Pour les copropriétés gravement dégradées, un nouveau statut de copropriété sous protection judiciaire est créé. Ce régime, prononcé pour une durée maximale de cinq ans, permettra la suspension temporaire de certaines règles de majorité et l’accès à des financements publics exceptionnels pour réaliser les travaux d’urgence nécessaires à la sécurité des occupants.
Réinvention des espaces communs : adaptation aux nouveaux modes de vie
Les espaces communs des copropriétés se transforment pour répondre aux évolutions sociétales. Le texte facilite la création d’infrastructures partagées en assouplissant les règles de majorité. L’installation de locaux à vélos sécurisés, de bornes de recharge pour véhicules électriques ou d’espaces de télétravail partagés pourra désormais être votée à la majorité simple de l’article 24, contre une majorité absolue auparavant.
La végétalisation des copropriétés bénéficie d’un cadre juridique favorable.
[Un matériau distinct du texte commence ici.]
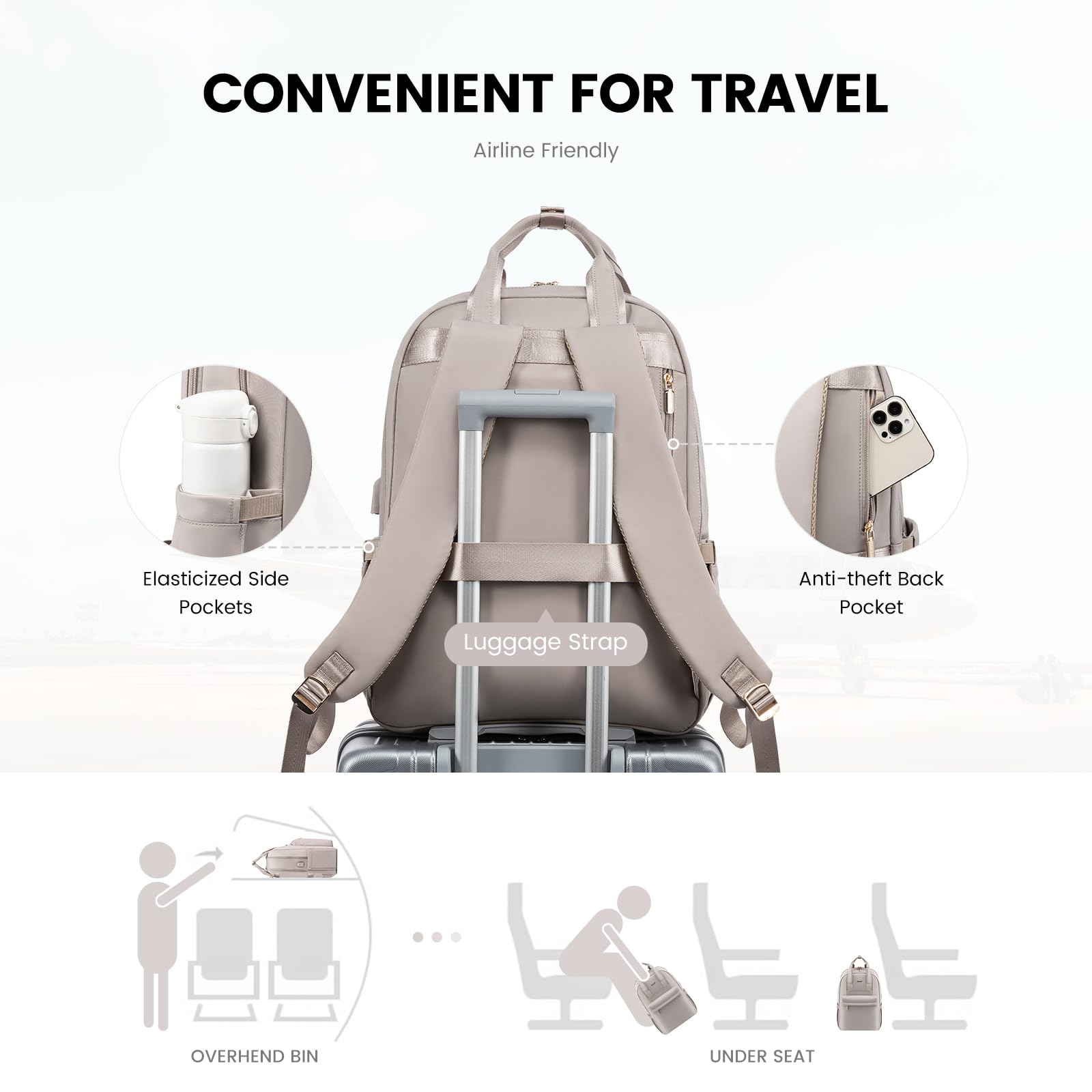 LOVEVOOK Rucksack Damen 17,3 Zoll, Gross Laptop Schulrucksack Teenager Mädchen mit Laptopfach, Wasserdicht Reiserucksack Arbeitstasche Handgepäck Rucksack für Schule Uni Reise Arbeit, Taro-grau

La création de jardins partagés sur des espaces communs inutilisés, l’installation de murs végétaux ou la transformation de toitures-terrasses en espaces verts seront facilitées par un droit de préemption accordé aux projets environnementaux en cas de vente de parties communes. Un coefficient de biotope minimal sera progressivement imposé aux copropriétés urbaines, avec obligation d’atteindre 15% de surfaces végétalisées d’ici 2030.
L’économie collaborative s’invite dans les immeubles collectifs avec la possibilité de créer des services partagés gérés par la copropriété. Auto-partage, buanderie commune, ateliers de bricolage ou conciergerie participative pourront être mis en place sur décision de l’assemblée générale. Le texte prévoit un régime fiscal adapté, exonérant de TVA ces services lorsqu’ils sont réservés aux seuls copropriétaires et sans but lucratif.
L’adaptation aux changements climatiques devient une préoccupation centrale. Les copropriétés devront réaliser, avant 2027, un diagnostic de vulnérabilité climatique évaluant leur exposition aux risques d’inondation, de canicule ou de tempête. Sur cette base, un plan d’adaptation devra être voté, pouvant inclure des travaux de renforcement structurel, d’amélioration du confort d’été ou de gestion des eaux pluviales.
- Création d’un label Copropriété Durable valorisant les immeubles ayant mis en œuvre des solutions innovantes en matière environnementale et sociale
- Incitations fiscales pour la transformation d’usages de locaux commerciaux vacants en rez-de-chaussée vers des services d’utilité collective
La question du vieillissement des occupants fait l’objet d’une attention particulière. Le texte instaure un « droit à l’adaptation » permettant aux copropriétaires âgés de plus de 70 ans ou en situation de handicap de réaliser certains travaux d’accessibilité dans les parties communes sans vote préalable de l’assemblée générale, sous réserve d’une simple notification et du respect des normes techniques. Cette avancée majeure facilitera le maintien à domicile des seniors en copropriété.
Vers une cogestion intergénérationnelle
Les copropriétés pourront expérimenter des modèles innovants de cogestion, comme la création de commissions thématiques intégrant des locataires sur les questions d’usage quotidien ou la mise en place de budgets participatifs pour l’animation des espaces communs. Ces dispositifs, encore optionnels, préfigurent l’évolution vers un modèle plus inclusif et collaboratif de la vie en copropriété.